Ringier devient l’actionnaire majoritaire du «Temps»

Presse Le groupe de presse zurichois possède désormais 92% des parts du titre. «Tout est ouvert» pour la suite

Ringier, qui possédait déjà 46,25% du journal Le Temps, reprend la participation de 46,25% détenue par Tamedia, pour une somme non divulguée, mais généralement estimée à 9 millions de francs. Les deux groupes de presse zurichois avaient annoncé l’automne dernier vouloir céder le titre à un actionnaire majoritaire unique, mieux à même de développer le titre.

Le choix s’est porté sur Ringier, qui possède désormais 92% des parts. «Il s’agit de la meilleure solution pour Le Temps et nous nous engageons à maintenir le haut niveau de qualité du journal», a affirmé Daniel Pillard, directeur de Ringier Romandie, devant la rédaction vendredi. «Le journalisme est central pour nous. On y croit, et on y investit», a déclaré plus tard devant la presse le CEO de Ringier Marc Walder. «Le Temps reste le quotidien le plus important de Suisse romande. C’est une affaire de cœur», a-t-il dit.

Les deux groupes, qui réclamaient entre 18 et 20 millions de francs pour la vente du quotidien, ont écarté une vingtaine d’offres, dont la dernière émanait du Cercle des amis du Temps.
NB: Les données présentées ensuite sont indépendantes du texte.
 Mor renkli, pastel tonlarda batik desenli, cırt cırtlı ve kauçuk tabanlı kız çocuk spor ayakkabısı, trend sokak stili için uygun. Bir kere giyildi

Ce groupe qui rassemble 700 personnalités romandes avait mis sur la table 8 millions de francs pour acquérir le quotidien, auxquels s’ajoutaient 5 millions destinés à des investissements, notamment pour le développement de l’offre numérique. Le Cercle se tient néanmoins à la disposition de Ringier pour discuter d’une possible réunion de leurs forces. «Nous pourrions envisager une participation minoritaire, pour autant que les critères de l’indépendance du titre, le maintien de sa ­qualité éditoriale et une capacité d’innovation renouvelée soient maintenus», explique Olivier Vodoz, président du Cercle.

Ancrage à Genève

Pour Daniel Pillard, «le Cercle des amis du Temps représente un mouvement que nous ne pouvons ignorer. Il nous a permis de prendre conscience de l’importance de ce titre en Suisse romande et nous sommes ouverts à une association de nos forces, mais nous ne souhaitons pas retourner dans un ménage à deux.»
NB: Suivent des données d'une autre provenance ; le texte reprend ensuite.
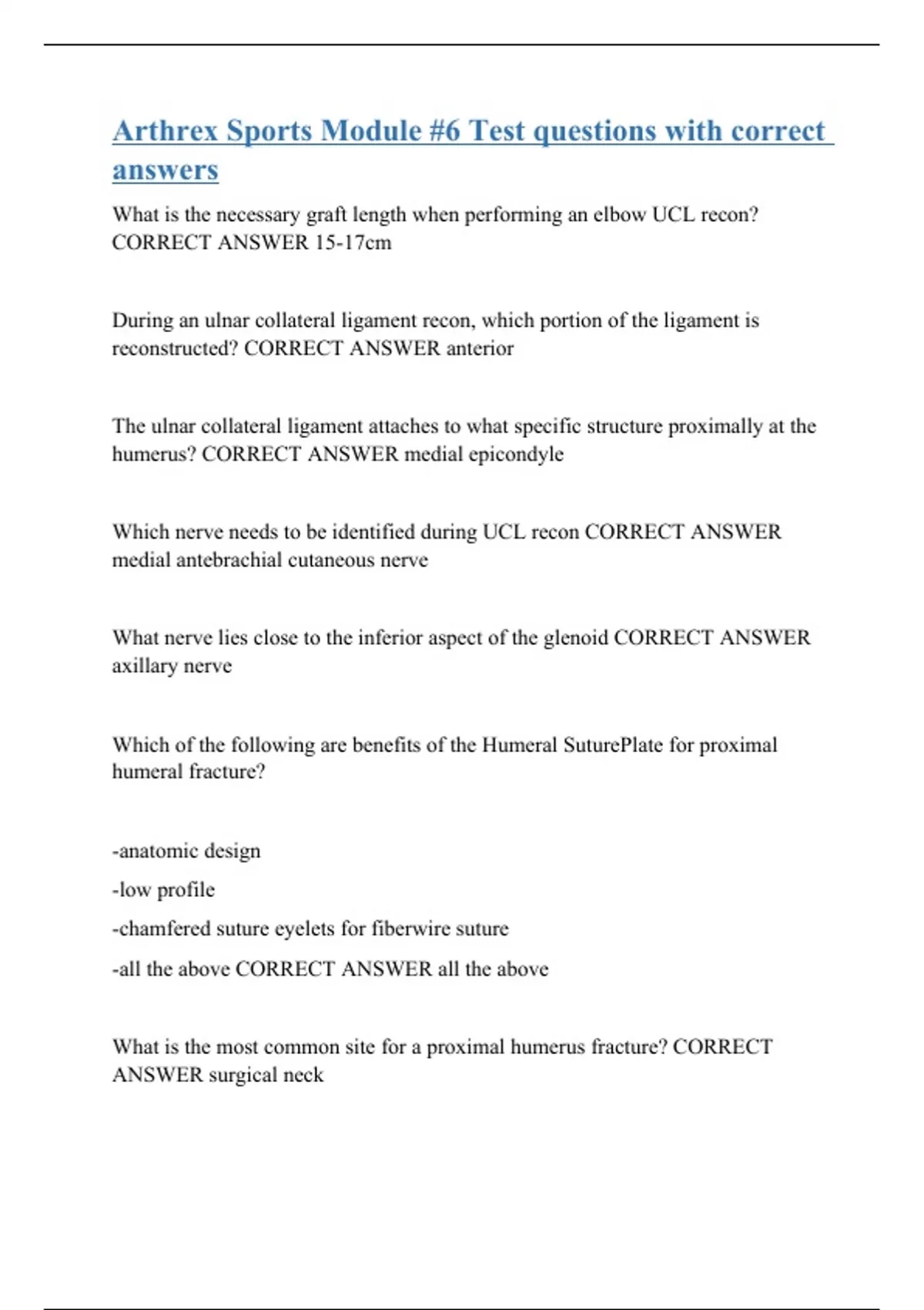 What is the necessary graft length when performing an elbow UCL recon? CORRECT ANSWER 15-17cm During an ulnar collateral ligament recon, which portion of the ligament is reconstructed? CORRECT ANSWER anterior The ulnar collateral ligament attaches to what specific structure proximally at the humerus? CORRECT ANSWER medial epicondyle Which nerve needs to be identified during UCL recon CORRECT ANSWER medial antebrachial cutaneous nerve What nerve lies close to the inferior aspect of the glenoid CORRECT ANSWER axillary nerve Which of the following are benefits of the Humeral SuturePlate for proximal humeral fracture? -anatomic design -low profile -chamfered suture eyelets for fiberwire suture -all the above CORRECT ANSWER all the above What is the most common site for a proximal humerus fracture? CORRECT ANSWER surgical neck

Le quotidien continuera à être imprimé à Bussigny jusqu’en 2016, date de la fin du contrat avec l’imprimerie romande de Tamedia. Ringier n’exclut pas le déménagement du siège de Genève à Lausanne, mais affirme être conscient de l’ancrage du titre à Genève. A présent s’ouvre «une période de transition, de dialogue et de mise à plat et tout est ouvert», selon Daniel Pillard. Prochaine étape: la Commission de la concurrence devra se prononcer sur la vente du Temps à Ringier, qui possède également L’Illustré, L’Hebdo, TV8 et Edelweiss.

Le groupe entend maintenir l’objectif de rendement de 8%. «Le Temps a besoin de nouveaux investissements et doit générer de l’argent», affirme Daniel Pillard. Mais, ajoute-t-il, «nous n’avons pas de projet éditorial ficelé dans les détails». Si des «synergies» sont évoquées entre le quotidien et L’Hebdo, une fusion est exclue à ce stade. Concernant les effectifs, «rien n’est décidé, souligne le directeur de Ringier Romandie. Le Temps devra se transformer. Mais aucun chiffre n’est arrêté.»

Les principaux syndicats des médias, Syndicom et Impressum, appellent le nouveau propriétaire à maintenir les ressources actuelles en personnel. «Les effectifs ne sauraient plus diminuer sans mettre en péril la qualité», souligne également la Société des rédacteurs et du personnel du Temps (SRP), qui attend «des investissements conséquents pour pouvoir assurer le développement du journal, dans le domaine numérique comme dans le papier ».